Unison is the ninth studio album by Canadian singer Celine Dion and her first English-language album. Released on 2 April 1990 by Columbia Records, it features a mix of dance songs and ballads influenced by 1980s soft rock. The album was produced by David Foster, Christopher Neil, Andy Goldmark and Tom Keane. Upon its release, Unison received generally positive reviews from music critics, who complimented Dion's voice and technique, as well as the album's content.

On a commercial level, Unison reached number one in Quebec, number eight in Norway, and number 15 in Canada and Australia.
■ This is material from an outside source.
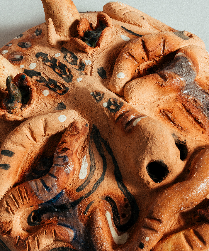 Andreia’s work emerges from a lifelong fascination with Portuguese folklore, Iberian mythology and cult movies. Drawing inspiration from Lusitanian gods, legendary creatures, David Lynch or Jodorowski, she reinvents deeply symbolic imagery as handcrafted emotion, made tangible by clay.

It was certified seven-times Platinum in Canada, Platinum in the United States, Gold in the United Kingdom and France, and has sold over four million copies worldwide. Up to five singles were released from Unison, depending on the country. "Where Does My Heart Beat Now" became a top five hit on the Billboard Hot 100, reaching number four. The next US single, "(If There Was) Any Other Way," peaked at number 35. In 1991 Unison won the Juno Award for Album of the Year, and Dion won the Juno Award for Female Vocalist of the Year.

Background
In the 1980s, Dion released eleven French-language albums in Canada and three in France. One compilation album was issued in Europe. In Canada, Incognito (1987) was certified two-times Platinum, Tellement j'ai d'amour... (1982) Platinum, and Les chemins de ma maison (1983) and Mélanie (1984) Gold. Dion topped the Quebec chart with hits like "D'amour ou d'amitié", "Mon ami m'a quittée", "Incognito", "Lolita (trop jeune pour aimer)", "Comme un cœur froid" and "D'abord, c'est quoi l'amour". "D'amour ou d'amitié" and "Une colombe" were certified Gold in Canada. During this decade, Dion won fifteen Félix Awards, including Newcomer of the Year, Female Vocalist of the Year, Album of the Year (Melanie), Pop Album of the Year (Tellement j'ai d'amour...), Best Selling Album of the Year (Les chemins de ma maison, Melanie), Most Popular Song of the Year ("Une colombe", "Incognito"), Best Selling Single of the Year ("Une colombe"), Best Stage Performance of the Year (Incognito tournée), and Artist of the Year Achieving the Most Success Outside Quebec. In France, Dion became the first Canadian artist to receive a Gold record for her top ten single "D'amour ou d'amitié". Further success in Europe came when she represented Switzerland in the Eurovision Song Contest 1988 with the song, "Ne partez pas sans moi", which later won the contest.

CBS Records had originally offered $25,000 to make the album, which would allow Dion to record new vocals over the original music tracks from Incognito. Three events would raise the ante. First, Dion performed a duet with Dan Hill on "Can't We Try" at the CBS Canada 1987 convention. The performance impressed the company's president Bernie DiMatteo enough for him to raise the budget to $100,000 so that some new songs could be commissioned. Next, at the Juno Awards of 1987 she sang "Have a Heart". After that performance the budget rose to $300,000. When David Foster later saw it on videotape, he told DiMatteo that $300,000 was not enough, so they were given an unlimited budget. The record ended up costing $600,000. Unison was recorded in London, New York, and Los Angeles.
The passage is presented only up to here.